Top of Task input
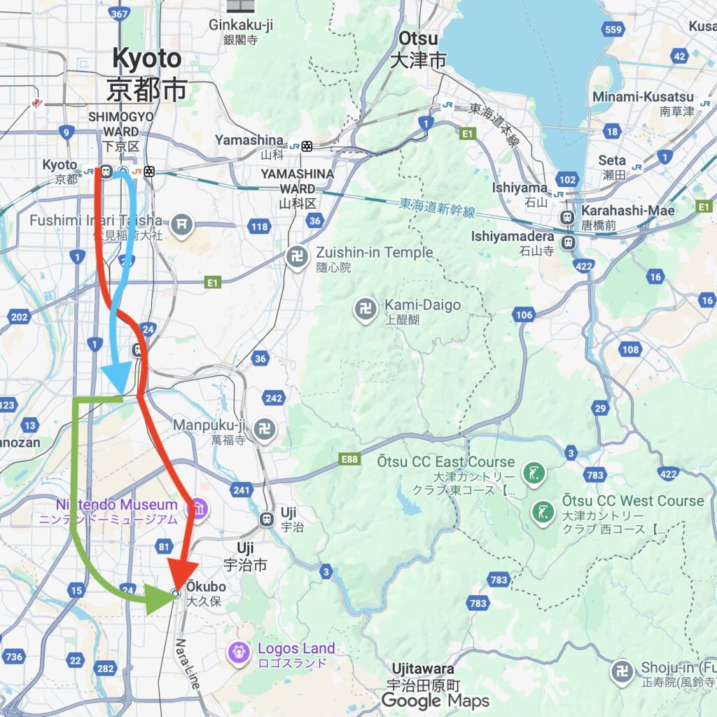 If you take the train, it is 13.6 km from Kyoto Station to Kintetsu Okubo Station, and if you take the express train departing at 17:46 you will arrive at 18:03.
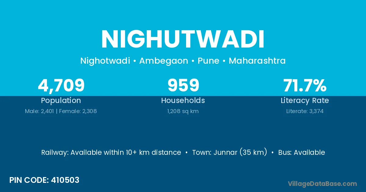 Junnar (35 km) is the nearest town to Nighutwadi village for major economic activities and is located approximately 35 km away.
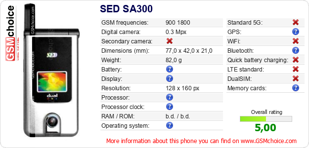 Do you have your website? Do you want to insert information about basic phone data of SED SA300 somewhere? It is very easy. You can download the picture, or copy and paste the code below on the page:Pasting this code will display the following image:
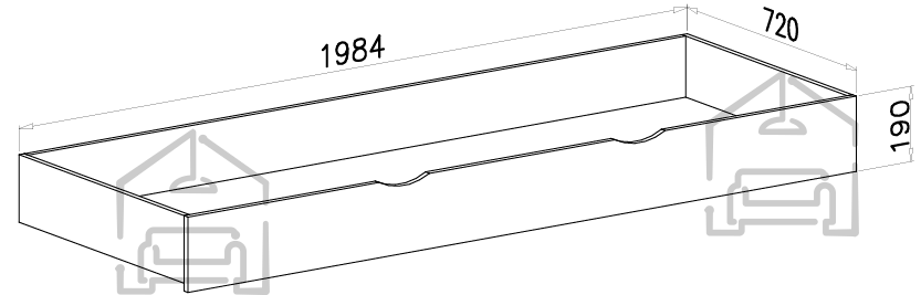 Predal meri 198,4×72×19 cm in je zasnovan za uporabo s posteljami z ležiščno površino 90×200 cm. Njegove mere omogočajo prostorno shranjevanje posteljnine, odej, blazin ali sezonskih oblačil. Kljub kompaktnim zunanjim meram nudi dovolj prostora, da ohranja red pod posteljo, ne da bi pri tem posegal v udobje ali estetiko spalnega prostora.
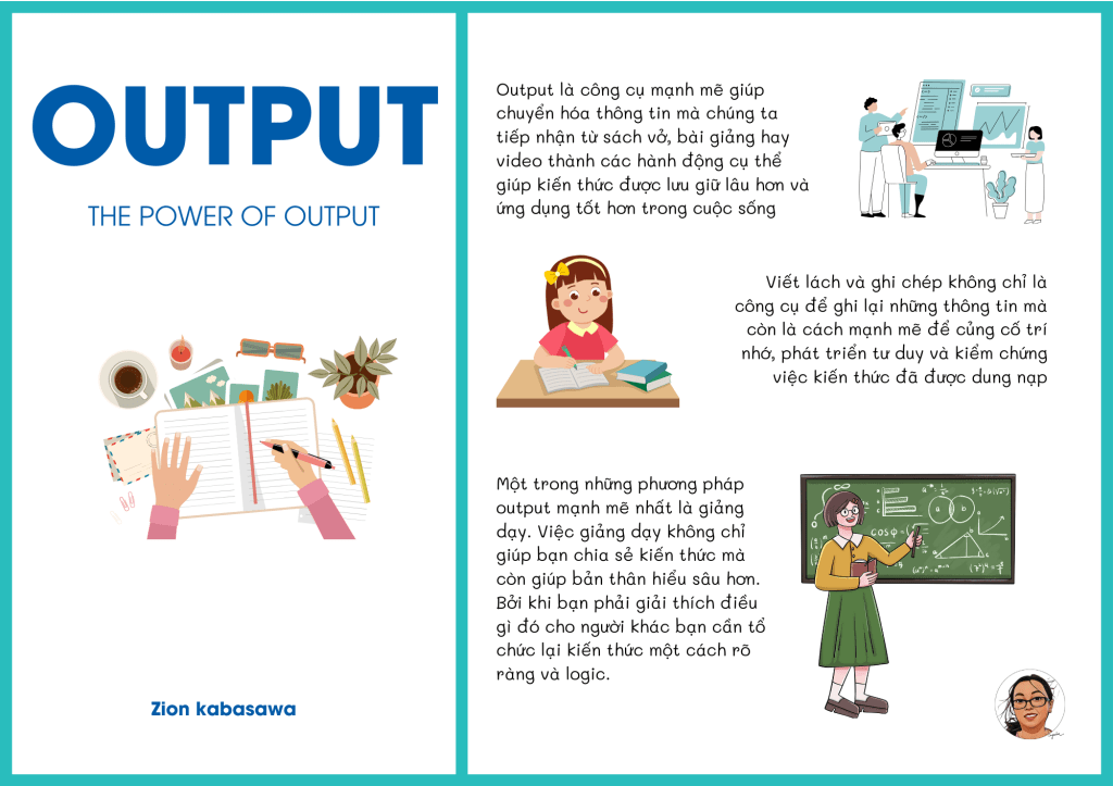 “Output là công cụ mạnh mẽ giúp biến đổi những thông tin mà chúng ta tiếp nhận từ sách vở, bài giảng hay video thành những hành động cụ thể. Thông qua đó, kiến thức không chỉ được lưu giữ lâu hơn mà còn được ứng dụng một cách hiệu quả vào cuộc sống”. Trước đây, khi chỉ đọc sách mà không ghi lại, mình nhận ra phần lớn những gì đọc được sẽ trôi tuột đi. Khi bắt đầu ghi chép, tuy không nhớ được hết, nhưng mình vẫn nắm bắt được một phần. Và kỳ diệu hơn, những kiến thức được đưa vào thực tế thì lại trở thành một phần của chính mình, nhớ rất lâu và rất sâu.
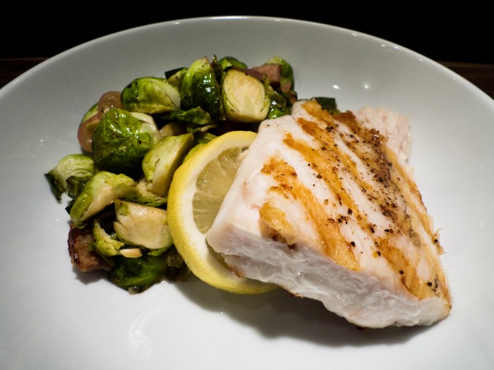 Mahi Mahi with Pork Belly Brussels Sprouts (serves 2)
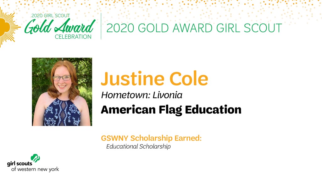 Girl Scouts of Western New York is proud to announce Justine Cole of Livonia, NY, as a 2020 Gold Award Girl Scout. Cole’s project, American Flag Education, involved educating grades K-5 on respect, history, and proper care of the American Flag in Livonia Elementary School.
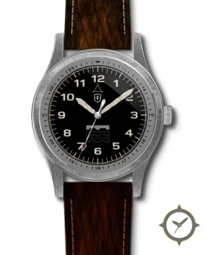 A Pilot watch, crafted from stainless steel featuring a black dial with a unique matte finish and a true GMT complication for tracking a second time zone.
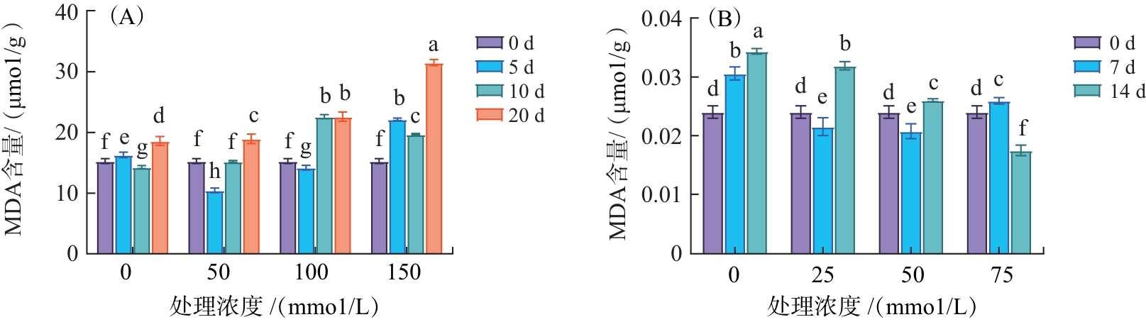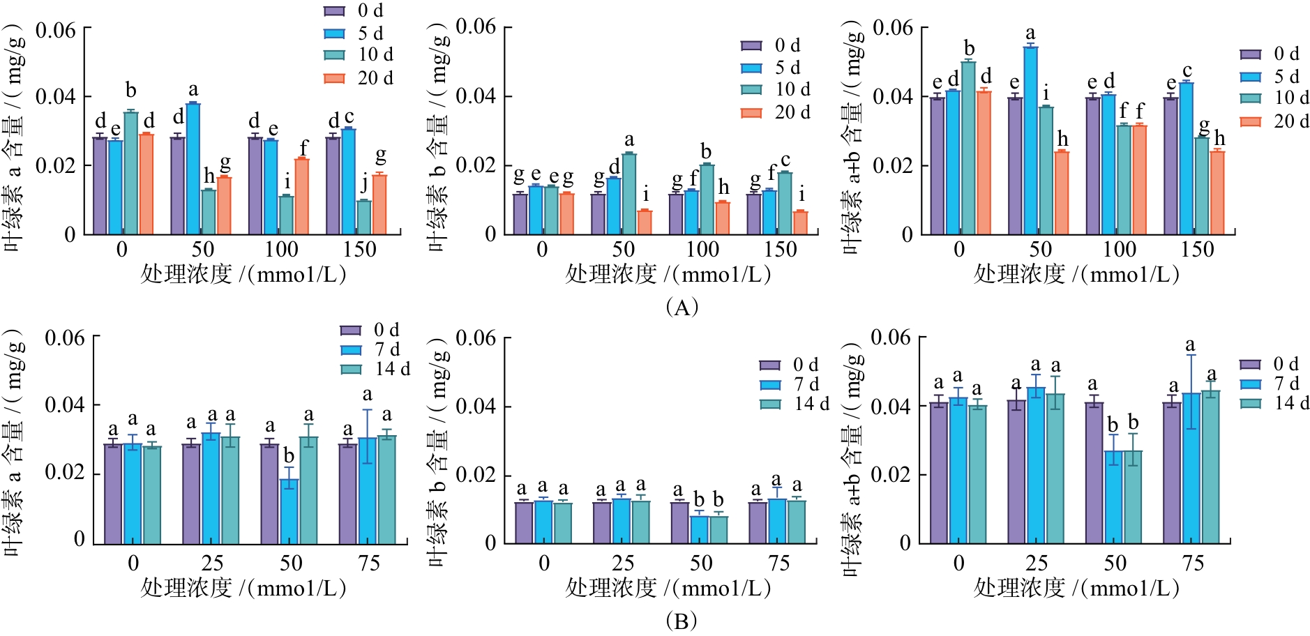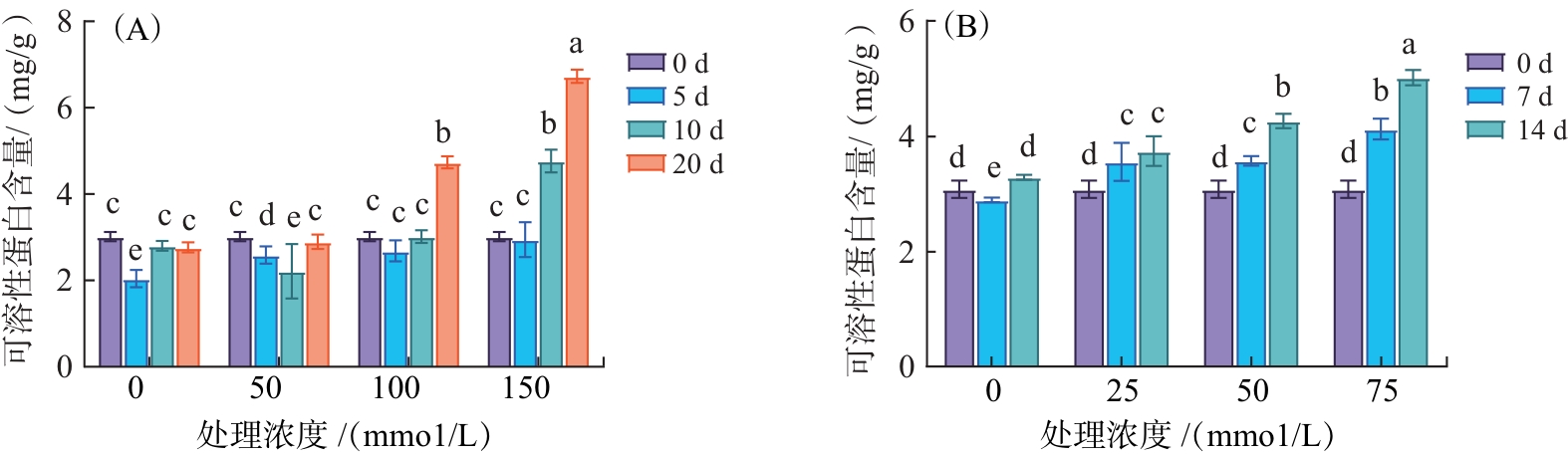 (A)、(B)分别为土培、水培;不同小写字母表示处理间差异在0.05水平具有统计学意义。
Bottom of Task input
• Exercise instructions
All lines from the beginning of the material above through the line holding "Junnar (35 km)" are to be given again exactly, and no others; pictures do not go in.

• Exercise output
 If you take the train, it is 13.6 km from Kyoto Station to Kintetsu Okubo Station, and if you take the express train departing at 17:46 you will arrive at 18:03.
 Junnar (35 km) is the nearest town to Nighutwadi village for major economic activities and is located approximately 35 km away.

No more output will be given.